EXTRACTED RECORDS –
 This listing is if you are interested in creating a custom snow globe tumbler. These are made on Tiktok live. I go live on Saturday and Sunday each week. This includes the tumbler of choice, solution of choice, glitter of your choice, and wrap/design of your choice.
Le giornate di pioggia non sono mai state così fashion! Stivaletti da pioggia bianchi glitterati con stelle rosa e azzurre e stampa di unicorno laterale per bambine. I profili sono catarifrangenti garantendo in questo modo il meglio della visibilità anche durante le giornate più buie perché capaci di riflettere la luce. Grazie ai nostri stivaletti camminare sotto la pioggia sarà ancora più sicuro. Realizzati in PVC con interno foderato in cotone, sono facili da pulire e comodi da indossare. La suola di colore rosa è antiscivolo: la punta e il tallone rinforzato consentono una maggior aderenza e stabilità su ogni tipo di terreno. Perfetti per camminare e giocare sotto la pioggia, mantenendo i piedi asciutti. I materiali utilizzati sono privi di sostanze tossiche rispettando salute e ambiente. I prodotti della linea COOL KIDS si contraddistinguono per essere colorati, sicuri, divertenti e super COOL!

==

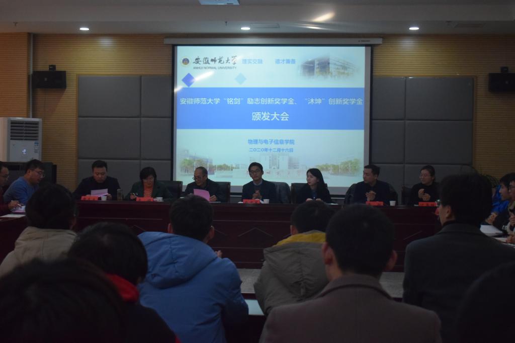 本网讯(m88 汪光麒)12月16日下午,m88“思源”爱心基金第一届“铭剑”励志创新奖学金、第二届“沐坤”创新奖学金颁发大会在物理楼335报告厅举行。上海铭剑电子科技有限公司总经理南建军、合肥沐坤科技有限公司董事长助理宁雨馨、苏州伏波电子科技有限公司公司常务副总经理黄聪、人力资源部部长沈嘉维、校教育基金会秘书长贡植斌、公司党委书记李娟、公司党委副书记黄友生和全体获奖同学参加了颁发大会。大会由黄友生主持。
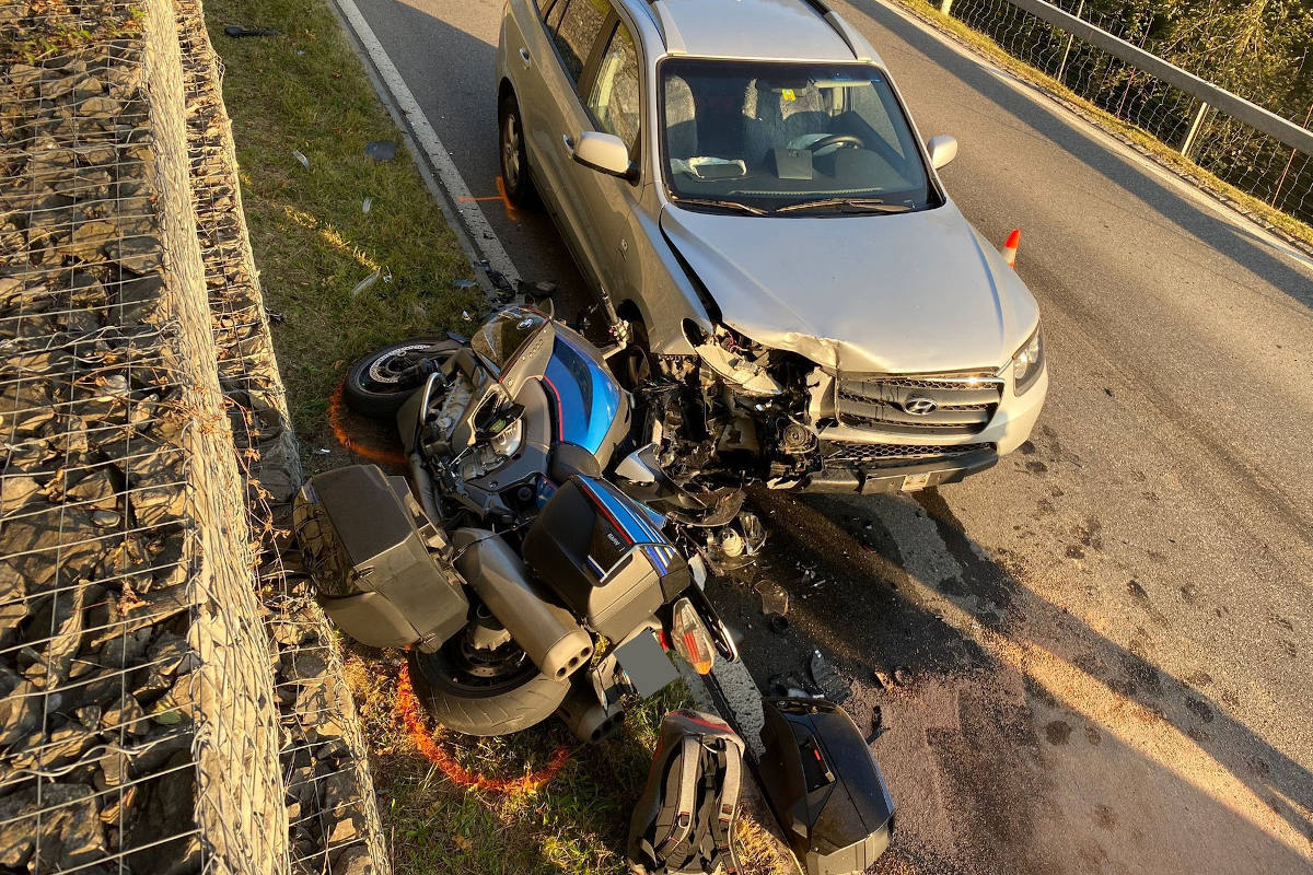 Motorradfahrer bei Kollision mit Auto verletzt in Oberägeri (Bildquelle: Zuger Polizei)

TO DO – What you give back should be exactly the lines of the data above from the line with "This listing is" through the line with "Le giornate di", both of those included, and nothing more.

TASK OUTPUT –
 This listing is if you are interested in creating a custom snow globe tumbler. These are made on Tiktok live. I go live on Saturday and Sunday each week. This includes the tumbler of choice, solution of choice, glitter of your choice, and wrap/design of your choice.
Le giornate di pioggia non sono mai state così fashion! Stivaletti da pioggia bianchi glitterati con stelle rosa e azzurre e stampa di unicorno laterale per bambine. I profili sono catarifrangenti garantendo in questo modo il meglio della visibilità anche durante le giornate più buie perché capaci di riflettere la luce. Grazie ai nostri stivaletti camminare sotto la pioggia sarà ancora più sicuro. Realizzati in PVC con interno foderato in cotone, sono facili da pulire e comodi da indossare. La suola di colore rosa è antiscivolo: la punta e il tallone rinforzato consentono una maggior aderenza e stabilità su ogni tipo di terreno. Perfetti per camminare e giocare sotto la pioggia, mantenendo i piedi asciutti. I materiali utilizzati sono privi di sostanze tossiche rispettando salute e ambiente. I prodotti della linea COOL KIDS si contraddistinguono per essere colorati, sicuri, divertenti e super COOL!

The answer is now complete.